It is crucial that HTA bodies, national competent authorities, and the European Medicines Agency (EMA) work closer together with transparent assignment of roles and responsibilities in order to avoid duplication of efforts on the one hand or lack of adequate data for decision making on the other hand. The creation of the European Network for Health Technology Assessment (EUnetHTA) has made a significant contribution to the coordination of HTA in the EU. A dialog is currently taking place between HTA agencies and EMA in order to align the agencies’ activities and roles with those of the EMA and national competent authorities, as recommended by the High Level Pharmaceutical Forum (European Medicines Agency, 2009).

Applying HTA Criteria

Differences in health care systems and in the organization of HTA probably explain a large part of the variance in international HTA. Also, differences in how HTA is perceived, understood or used in various parts of the world may have an important impact on the way it is performed and used. Hence, different applications of HTA may exist even in settings where there are no substantial differences in the health care system or in the organization of HTA.
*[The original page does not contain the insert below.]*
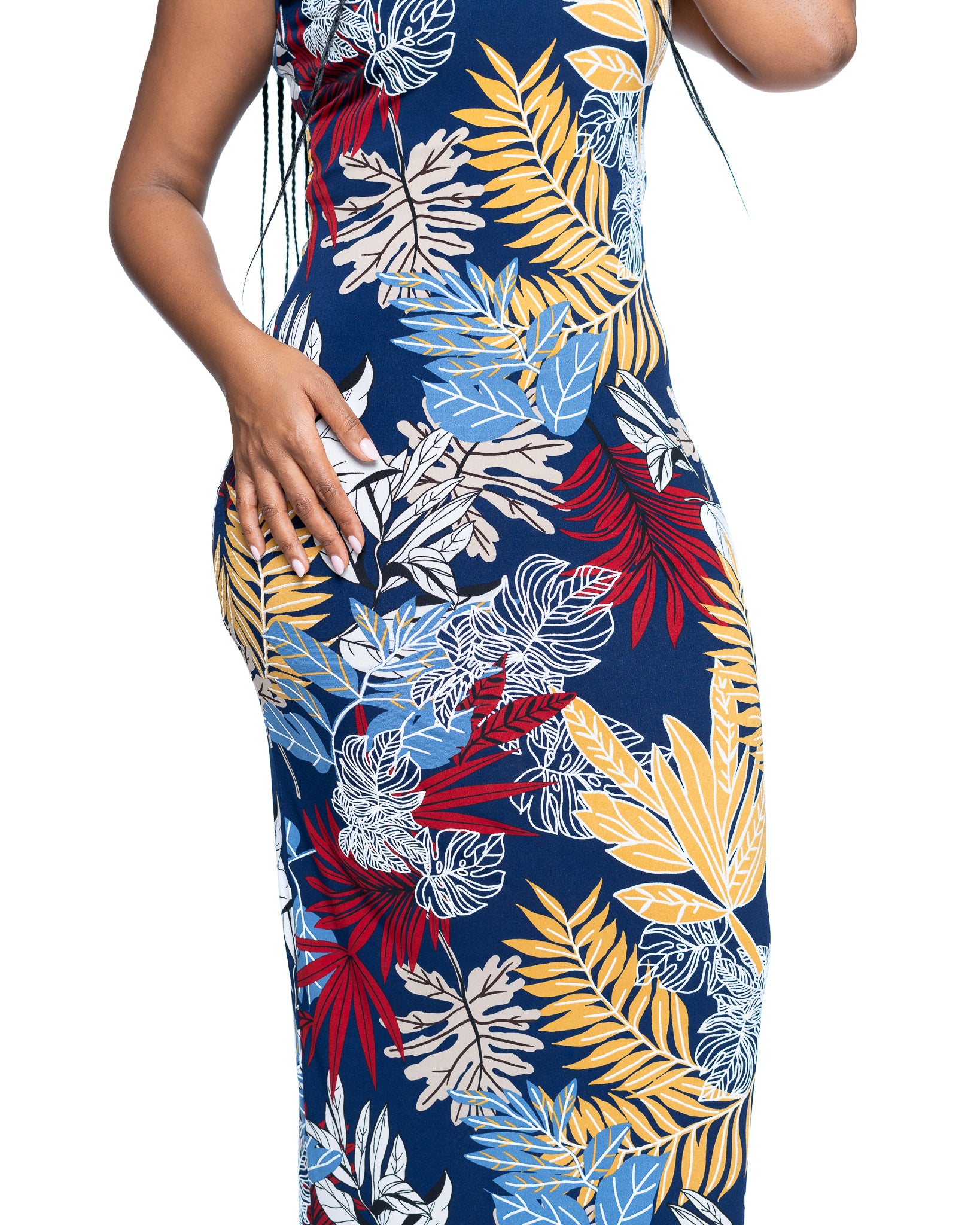 Its vibrant tropical print — a mix of deep navy, golden yellow, rich red, and crisp white botanicals — channels vacation energy, while the long, body-skimming silhouette ends in a subtle slit for ease of movement and a touch of allure. Whether you’re dressing up for dinner, a daytime event, or a weekend getaway, this is the statement dress that does it all.

With regard to the applied criteria, most HTA assessments take a variety of criteria into consideration, including relative effectiveness, cost–effectiveness, budget impact, and medical/therapeutic need. Some countries also explicitly include the public health impact and equity considerations. Some apply a societal perspective, while others apply a more restricted health care perspective. Few countries apply a formal threshold for willingness to pay for one unit of extra health, and even the standard unit of the QALY is challenged by several Member States (Cleemput et al., 2008).

Collaboration on HTA between Member States requires standardization in the structure, transparency, and handling of information in any HTA. Steps toward defining some standards at the international level have been taken by the International Network of Agencies for Health Technology Assessment (INAHTA) and previous European Projects (EUR-ASSESS, ECHTA/ECAHI). More recently, EUnetHTA was established, as a response to the expressed need by the European Commission and Member States for a sustainable European Network for HTA (Kristensen et al., 2009).

The HTA Core Model developed within the EUnetHTA project built on this earlier work (Lampe et al., 2009). The HTA Core Model specifies the questions that should be asked and answered within an HTA and defines and standardizes the structure of an HTA report. To support European collaboration some elements are prioritized over others. They are defined as “core elements.” A core element is an assessment element that is considered to be both important for every HTA and transferable to other jurisdictions. A Core HTA is an actual assessment that has been conducted using the HTA Core Model and has considered all core elements of all nine HTA domains (i.e., health problem and current use of the technology; description and technical characteristics of technology; safety; clinical effectiveness; costs, economic evaluation; ethical analysis; organizational aspects; social aspects; and legal aspects). Through the wide scope, focus on core elements and the summary chapter, a Core HTA gives an overview of a technology that is likely to be useful in the European context and that can be used as a basis for producing local HTA reports that take into account local circumstances.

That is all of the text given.